* [WORK ITEM] Reproduce each record verbatim, images excluded.

SUPPLIED DATA START

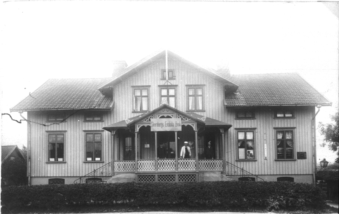 Aspedal, Skaraborgs enskilda bank. T. v. Urmakeri. T.h. från vänster P.A. Svensson, ? Bengtsson och urmakare Lagerstedt.
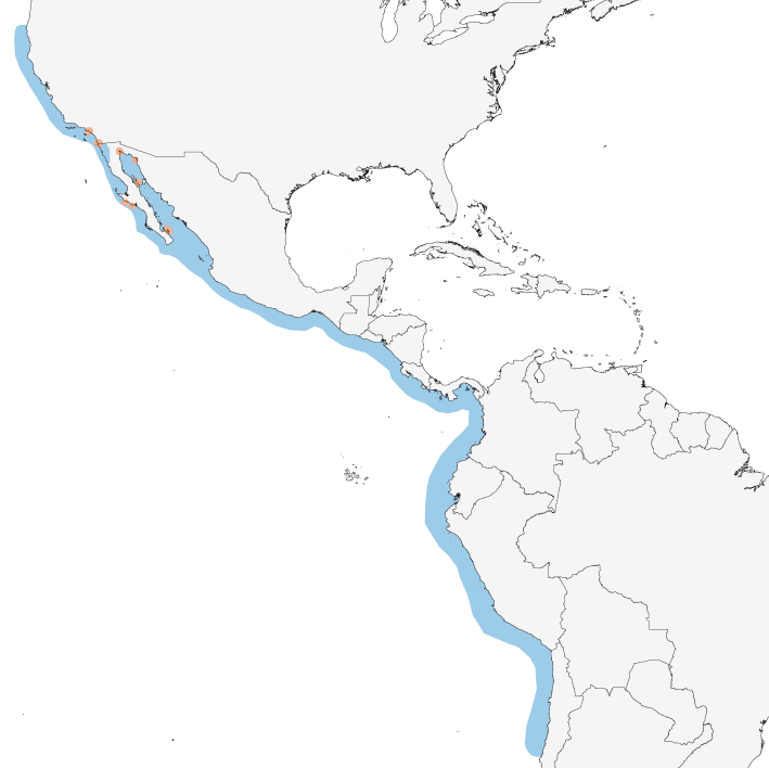 The Elegant Tern is a long-billed tern of the Pacific coast, from the U.S. to Chile. Pale gray above with shaggy black cap in breeding plumage; nonbreeding birds develop white forehead. Best field mark is the slender orange bill with a slight droop. Strictly coastal; commonly found on beaches and estuaries. (from Birds of the World)
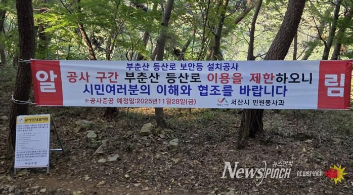 뉴스펀치 김길룡 기자 | 충남 서산시가 부춘산 등산로의 야간 안전을 개선하기 위해 부춘산 등산로 내 보안등 설치 공사를 실시한다고 24일 밝혔다.
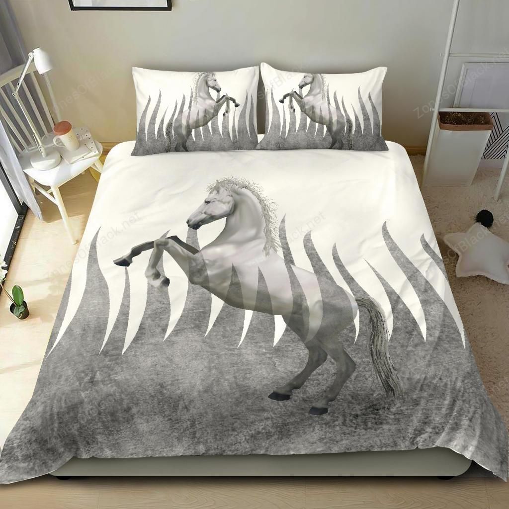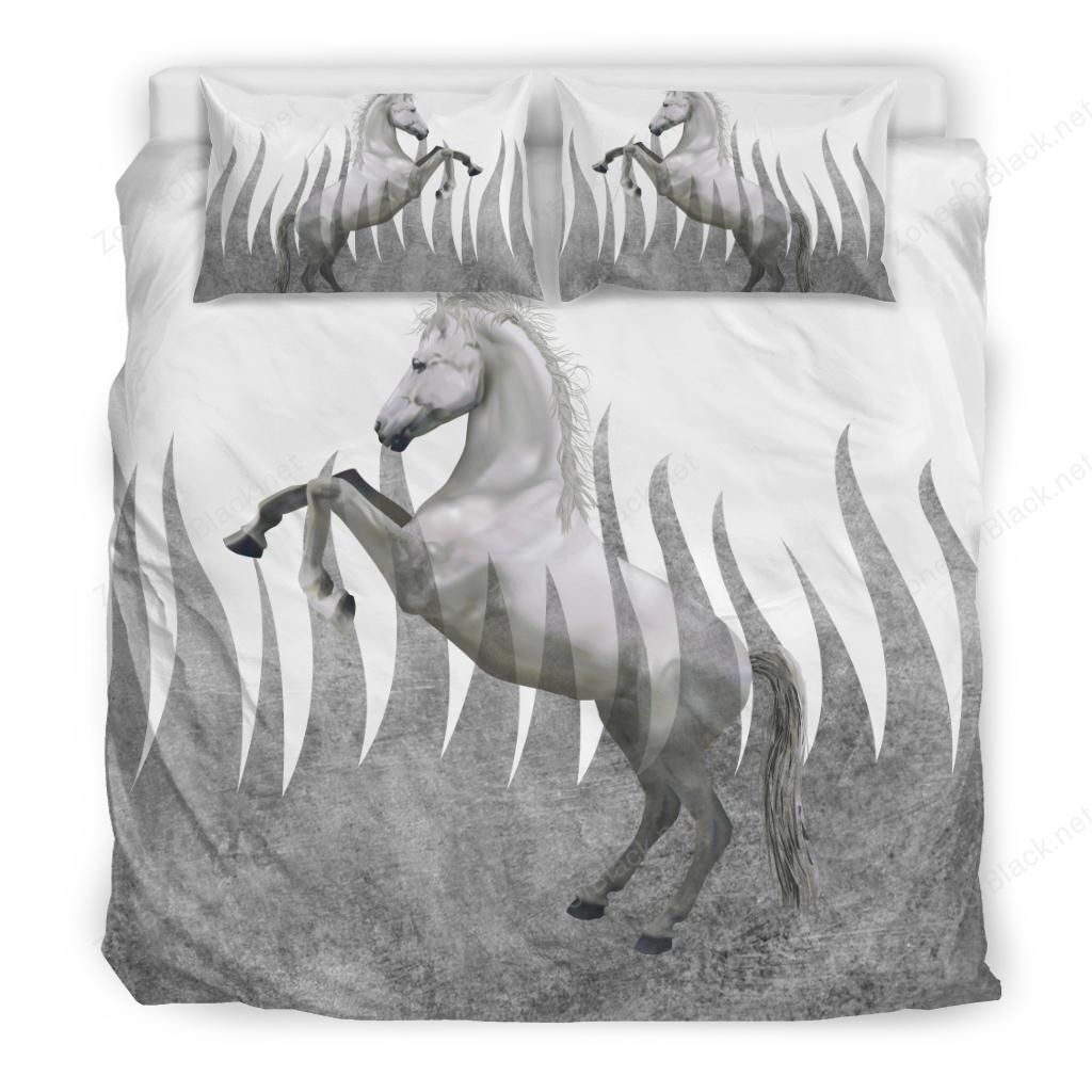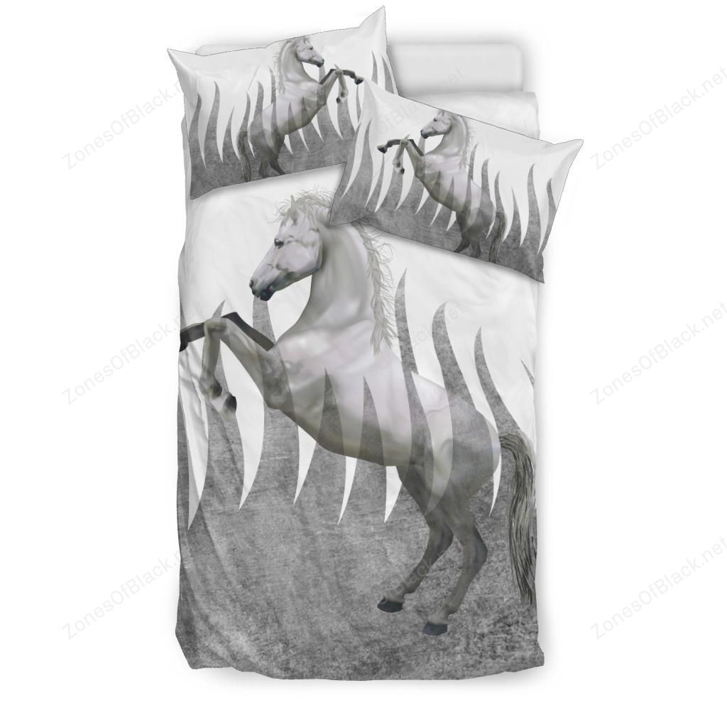Flame Horse Freedom White Gray 3D Printed Duvet Cover Set Bedroom Home Decor
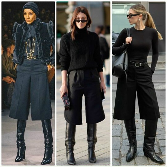 Во-первых, бермуды наиболее выигрышно смотрятся в сочетании с высокими сапогами, при этом важно, чтобы между низом брюк и верхом обуви не оставалось открытого участка кожи — это обеспечивает визуальную целостность силуэта.
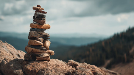 A serene arrangement of stacked stones atop rugged terrain against a dramatic sky. This image captures the essence of balance and tranquility in nature
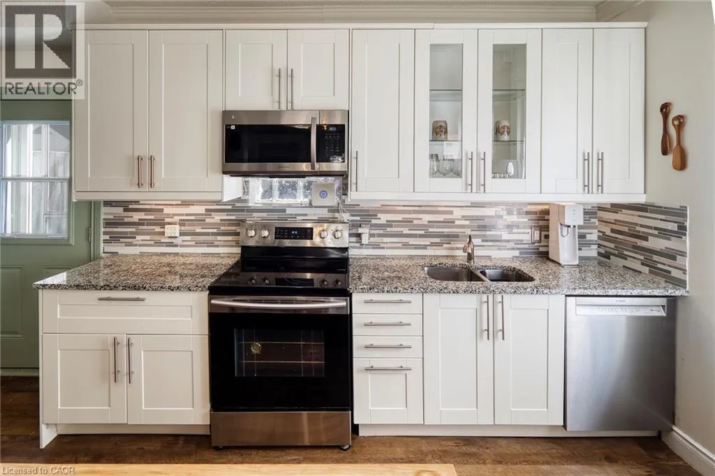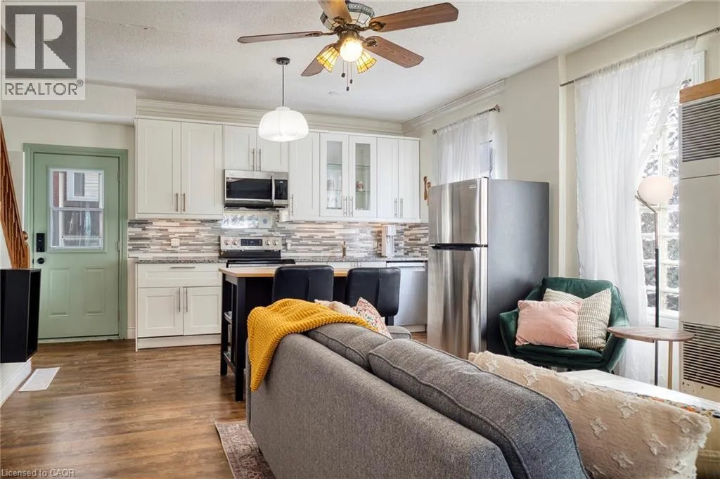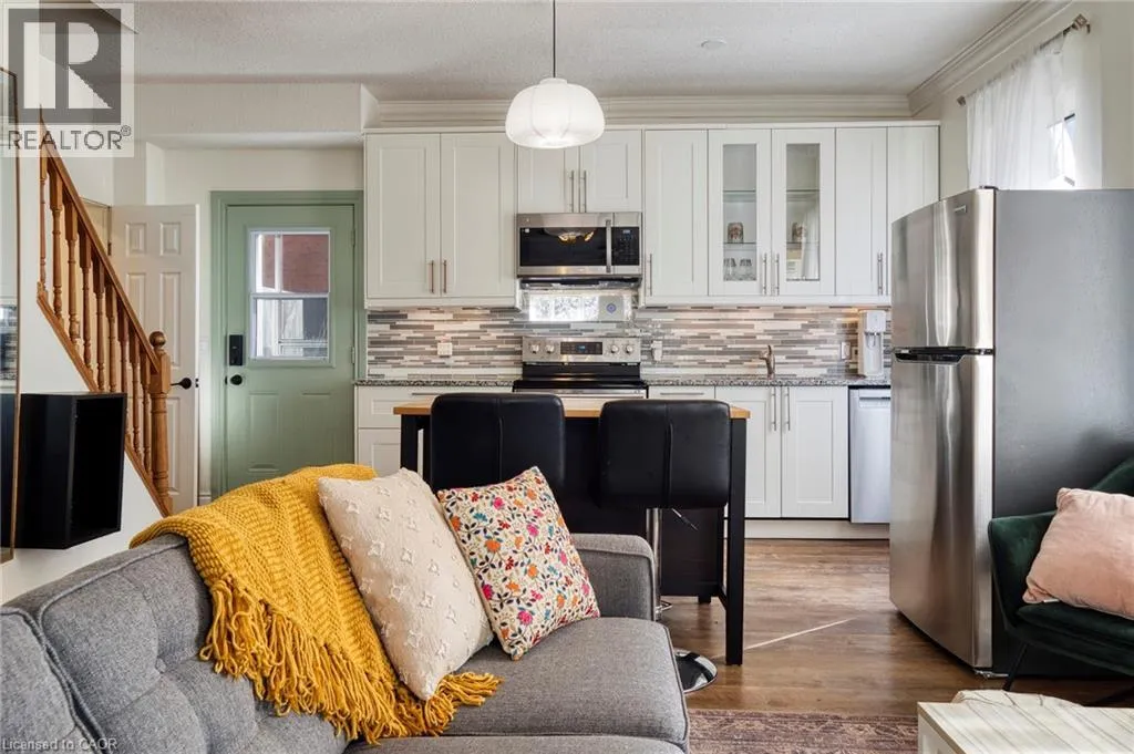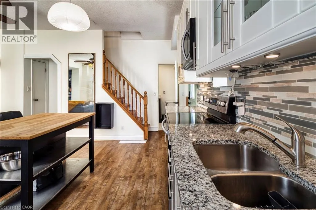 Finally, a creative and cozy 1-bedroom+den option offered in Midtown! This delightful semi-detached house brings you home to 4x parking spaces, old-growth mature trees, a private 2nd-floor suite, updated kitchen and flooring, finished basement den, and so much more. Near Google, Grand River Hospital, UW School of Pharmacy, McMaster School of Medicine, UW Velocity, and Communitech, this location has major employers and institutions within reach and the amenities to support these at your fingertips. Enjoy a collection of excellent cafes, restaurants, shops, fitness centres, pubs, and more within a few blocks. Just steps from King Street, and a few blocks from the LRT line, you will find this convenient location pays dividends to your everyday life. You won't find anything like this one, with an open-concept main floor, complete with an updated kitchen featuring stainless-steel appliance package, granite counters, kitchen island, and new kitchen cabinetry. Find serenity in the sunroom, which might just become your favourite spot to read a good book or setup your home office. The finished basement delivers on an additional den that could serve as additional hobby, fitness, or storage room, with insuite laundry available nearby. Upstairs, a spacious and bright primary bedroom suite offers dual closets and an ensuite 4-piece bath with shower-tub combination, upgraded vanity, and stylish fixtures. A private backyard deck is enclosed to allow for privacy when hosting friends or enjoying starry nights. Enjoy a space that is unique and manicured, in a location that is fit for urban life in Kitchener. Make it yours, today! (id:27476)
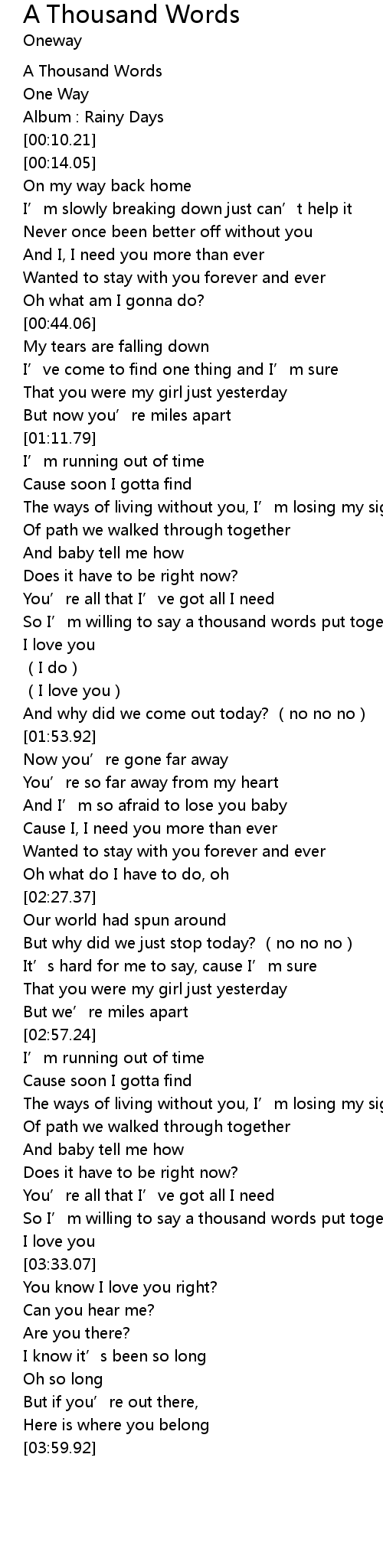 | [00:04.01] | A Thousand Words |
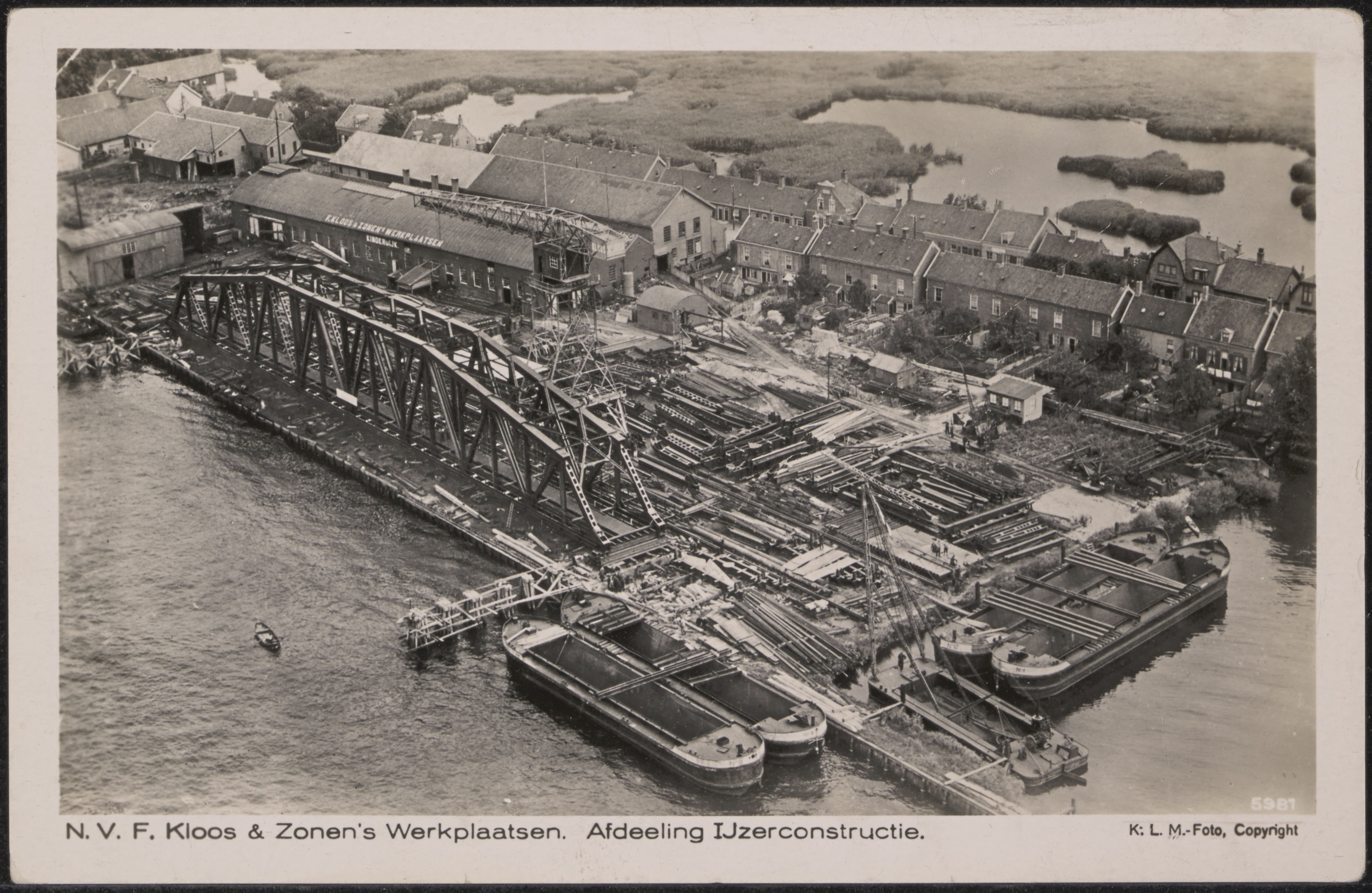 - Luchtfoto Fa. Kloos en Zn. aan de Oost Kinderdijk in Alblasserdam.
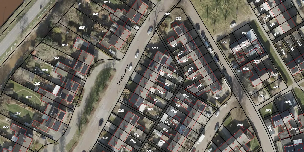 Gebruik de zoekbalk of klik op een perceel voor informatie over de adressen binnen dit perceel.
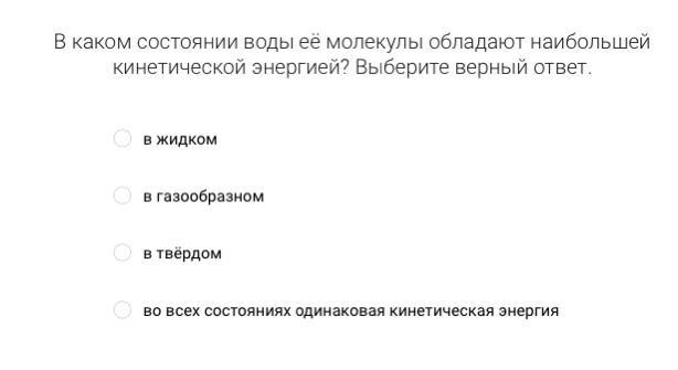 В каком состоянии воды её молекулы обладают наибольшей кинетической энергией? Выберите верный ответ.
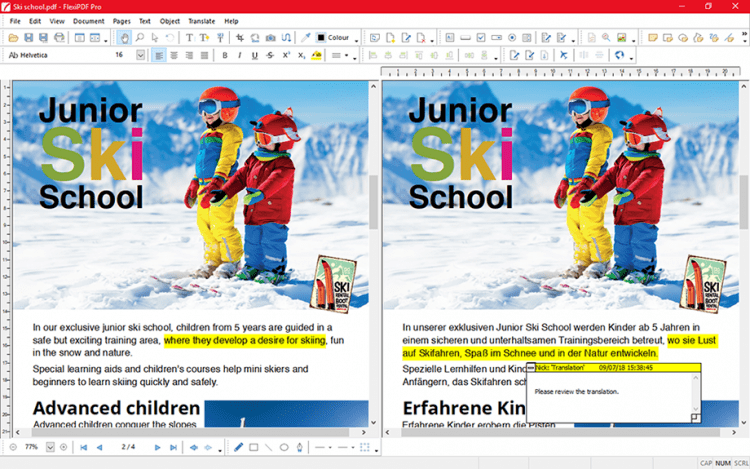 Часто бывает, что текст внутри PDF документа нельзя отредактировать, потому, что страница представляет собой изображение. В этом случае пригодится OCR - функция распознавания текста, которая превратить любой абзац в редактируемый. Так же при работе над большими документами или, например, переводе с одного языка на другой, пригодится опция показа документов бок о бок.
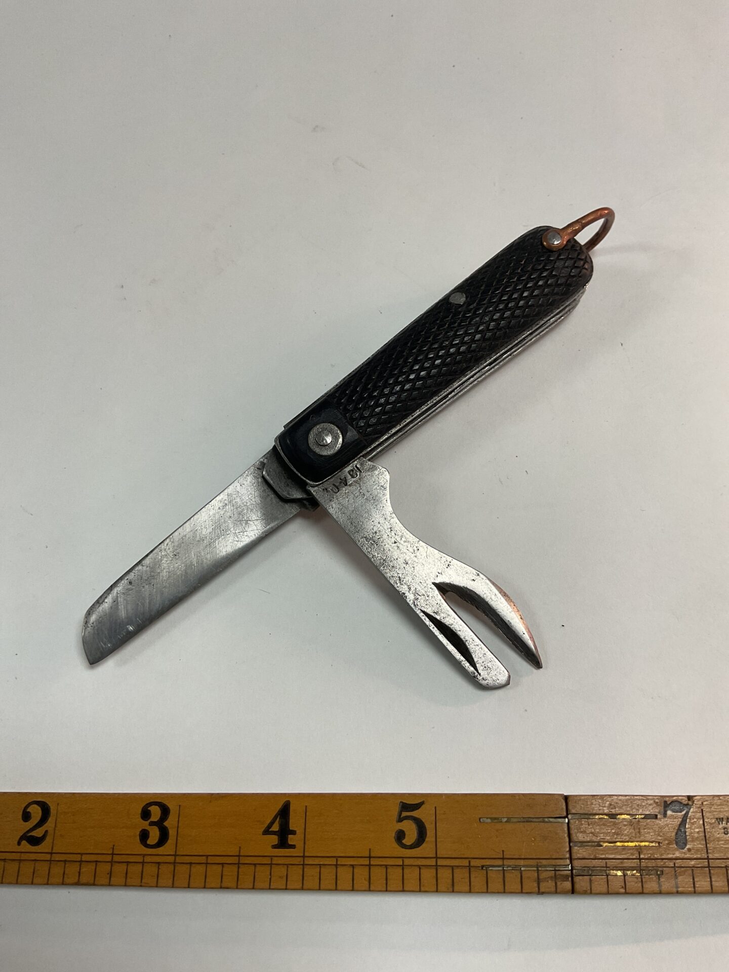 This is a classic British Army jack knife, dating back to 1940. These knives were standard issue to British soldiers during the Second World War, designed for utility and durability in the field. It features a folding design with both a blade and a fork, making it a versatile tool for various tasks. The handle is constructed from a textured material, providing a secure grip even in wet or challenging conditions.
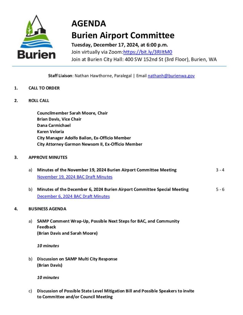 Burien Airport Committee Agenda 20241217
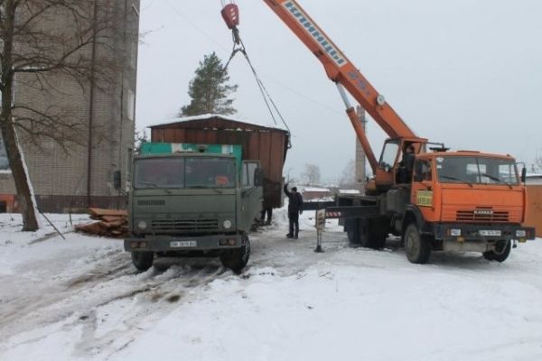 Гаражі демонтовують Робітники комунального підприємства «Трудівник» на вулиці Набережна біля житлового будинку №2.

SUPPLIED DATA END

* [ANSWER SECTION]
 Aspedal, Skaraborgs enskilda bank. T. v. Urmakeri. T.h. från vänster P.A. Svensson, ? Bengtsson och urmakare Lagerstedt.
 The Elegant Tern is a long-billed tern of the Pacific coast, from the U.S. to Chile. Pale gray above with shaggy black cap in breeding plumage; nonbreeding birds develop white forehead. Best field mark is the slender orange bill with a slight droop. Strictly coastal; commonly found on beaches and estuaries. (from Birds of the World)
 뉴스펀치 김길룡 기자 | 충남 서산시가 부춘산 등산로의 야간 안전을 개선하기 위해 부춘산 등산로 내 보안등 설치 공사를 실시한다고 24일 밝혔다.
Flame Horse Freedom White Gray 3D Printed Duvet Cover Set Bedroom Home Decor
 Во-первых, бермуды наиболее выигрышно смотрятся в сочетании с высокими сапогами, при этом важно, чтобы между низом брюк и верхом обуви не оставалось открытого участка кожи — это обеспечивает визуальную целостность силуэта.
 A serene arrangement of stacked stones atop rugged terrain against a dramatic sky. This image captures the essence of balance and tranquility in nature
 Finally, a creative and cozy 1-bedroom+den option offered in Midtown! This delightful semi-detached house brings you home to 4x parking spaces, old-growth mature trees, a private 2nd-floor suite, updated kitchen and flooring, finished basement den, and so much more. Near Google, Grand River Hospital, UW School of Pharmacy, McMaster School of Medicine, UW Velocity, and Communitech, this location has major employers and institutions within reach and the amenities to support these at your fingertips. Enjoy a collection of excellent cafes, restaurants, shops, fitness centres, pubs, and more within a few blocks. Just steps from King Street, and a few blocks from the LRT line, you will find this convenient location pays dividends to your everyday life. You won't find anything like this one, with an open-concept main floor, complete with an updated kitchen featuring stainless-steel appliance package, granite counters, kitchen island, and new kitchen cabinetry. Find serenity in the sunroom, which might just become your favourite spot to read a good book or setup your home office. The finished basement delivers on an additional den that could serve as additional hobby, fitness, or storage room, with insuite laundry available nearby. Upstairs, a spacious and bright primary bedroom suite offers dual closets and an ensuite 4-piece bath with shower-tub combination, upgraded vanity, and stylish fixtures. A private backyard deck is enclosed to allow for privacy when hosting friends or enjoying starry nights. Enjoy a space that is unique and manicured, in a location that is fit for urban life in Kitchener. Make it yours, today! (id:27476)
 | [00:04.01] | A Thousand Words |
 - Luchtfoto Fa. Kloos en Zn. aan de Oost Kinderdijk in Alblasserdam.
 Gebruik de zoekbalk of klik op een perceel voor informatie over de adressen binnen dit perceel.
 В каком состоянии воды её молекулы обладают наибольшей кинетической энергией? Выберите верный ответ.
 Часто бывает, что текст внутри PDF документа нельзя отредактировать, потому, что страница представляет собой изображение. В этом случае пригодится OCR - функция распознавания текста, которая превратить любой абзац в редактируемый. Так же при работе над большими документами или, например, переводе с одного языка на другой, пригодится опция показа документов бок о бок.
 This is a classic British Army jack knife, dating back to 1940. These knives were standard issue to British soldiers during the Second World War, designed for utility and durability in the field. It features a folding design with both a blade and a fork, making it a versatile tool for various tasks. The handle is constructed from a textured material, providing a secure grip even in wet or challenging conditions.
 Burien Airport Committee Agenda 20241217
 Гаражі демонтовують Робітники комунального підприємства «Трудівник» на вулиці Набережна біля житлового будинку №2.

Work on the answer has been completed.